And limitations are for about seven to 10 days after you have your aortic valve replaced. We will have you follow up with our nurse practitioner, Sarah. And we ask that they don't lift anything heavy. I say nothing greater than a gallon of milk. No submerging in water because they did go through your groins and we don't want that to get infected. No squatting because they did go through a pretty large vessel in your groin and we want that to heal appropriately. And then, they can shower and exercise as normal though. So, that is a benefit of a TAVR, because usually the TAVR valve makes the patient feel better very quickly because it starts working immediately.
Host: That is incredible. Now, you did mention, you know, avoiding lifting heavy things and the squatting. How long is that limitation?
Jennie George: Seven to ten days. And for sure, the nurse practitioner, when you do a follow up with her and will clear you at that time.
Host: That's wonderful. It's such a short recovery. I love that. Now, Lori, let's say I've had a TAVR. Could you describe my followup care?
Lori Gicker: Once you leave the hospital the next day, we will make your appointments for you. You will have a one to two-week followup with our nurse practitioner, Sarah. Sometimes, we arrange this with the primary cardiologist, depending on the patient. Then, we always do a 30-day followup echo and a one-year followup echo. And then, Jennie or myself call you after the 30-day and the one-year echoes to review the results, see how you're feeling, how everything's going. And we also keep in touch with the patient. Jennie and I make ourselves accessible at all times. Just in case there's any changes or anything you would like to discuss with us, we're always available to the patient to answer any questions or concerns they may have.

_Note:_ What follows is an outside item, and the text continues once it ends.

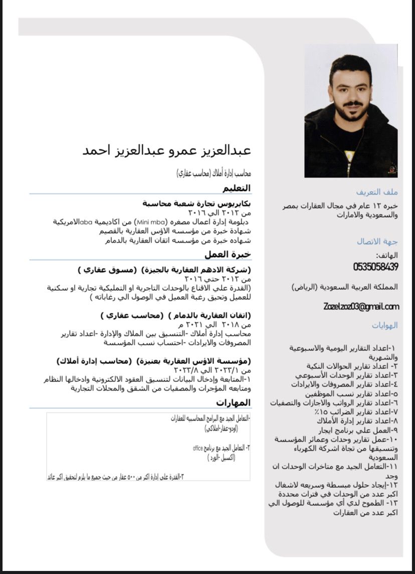 ابحث عن عمل محاسب تطوير عقاري موجود بالخبر الدمام الخبرات الأخرى 1 - مشتريات 2 اشراف 3 - القدرة علي العمل بترميمات الوحدات وتسليمها علي المفتاح يعني اذا العقار محتاج صيانة كامل بشرف عليه مع مشترياته وعمالة وبسلمه في أقرب وقت للمستأجر بالاضافة الى كتابة العقود الالكترونية ومتابعه شركة الكهرباء والمياه بالاضافة الى التحصيل والتسويق موجود معي سيارة وساكن بالخبر الشماليه

Host: That is fantastic. I love the fact that it's a real multidisciplinary approach at your clinic.
Jennie George: Yeah. And a lot of times when we have them follow up with their primary cardiologist, the beautiful thing about that is, is patients can come from anywhere. So, say, they live down in Fort Myers and they want to come to Tampa General to have their procedure, but they don't want to keep coming back for followup appointments. So, that's when we can make their followup appointment with their primary cardiologist. They're one to two weeks and we can also schedule their echoes close to where they live. So, they come here basically to meet the team of doctors for their initial visit. Then, they come back for their aortic valve replacement. And then, basically, they can do the rest of their followup close to their home.
Host: That is fantastic. You really make it easy for the patient.
Jennie George: That's our goal.
Host: Now, Jennie and Laurie, you have provided wonderful information about aortic stenosis and your amazing clinic with us. Finally, I'd love for each of you to leave any best practices or recommendations for a safe recovery. Jennie, let's start with you.
Jennie George: So, I think one of the biggest things is making sure you follow all the followup instructions that we give you. A lot of times you will go home on some additional medication, depending on the interventional cardiologist and how long he'll keep you on that medication. Usually, it's about one to three to possibly six months. And just to make sure that you listen to your body and increase your activity as needed. We also recommend if it debilitated you at all to do a cardiac rehab and we can help you get set up for that also and provide a referral.
Host: That's fantastic. And Laurie, what's your final message to our audience?
Lori Gicker: I'm going to agree with Jennie, try to get active as much as possible, as much as your body will allow post TAVR procedure. Also, I think it's a good idea to monitor your blood pressure, keep a log of that for your followup appointments, report to Jennie or myself any changes that may occur after you have your procedure. And like Jennie said, listen to your body, enjoy your new valve and the symptoms being relieved. I hope that lets people get back to the quality of life that they're looking for.
Host: Wonderful. Thank you both for joining us today.
Lori Gicker: Thank you for having us.
Jennie George: Yes, thank you. Hopefully, this will give some good insight on our program and aortic stenosis.
Host: Once again, that was nurse navigators, Jennie George and Lori Gicker at Tampa General Hospital.
For more information, please visit tgh.org/heart. If you enjoyed this episode, please be sure to like, subscribe, and follow Community Connect, presented by TGH, on your favorite podcast platform. I'm your host, Dr. Rania Habib, wishing you well. This is Community Connect, presented by TGH. Thanks for listening.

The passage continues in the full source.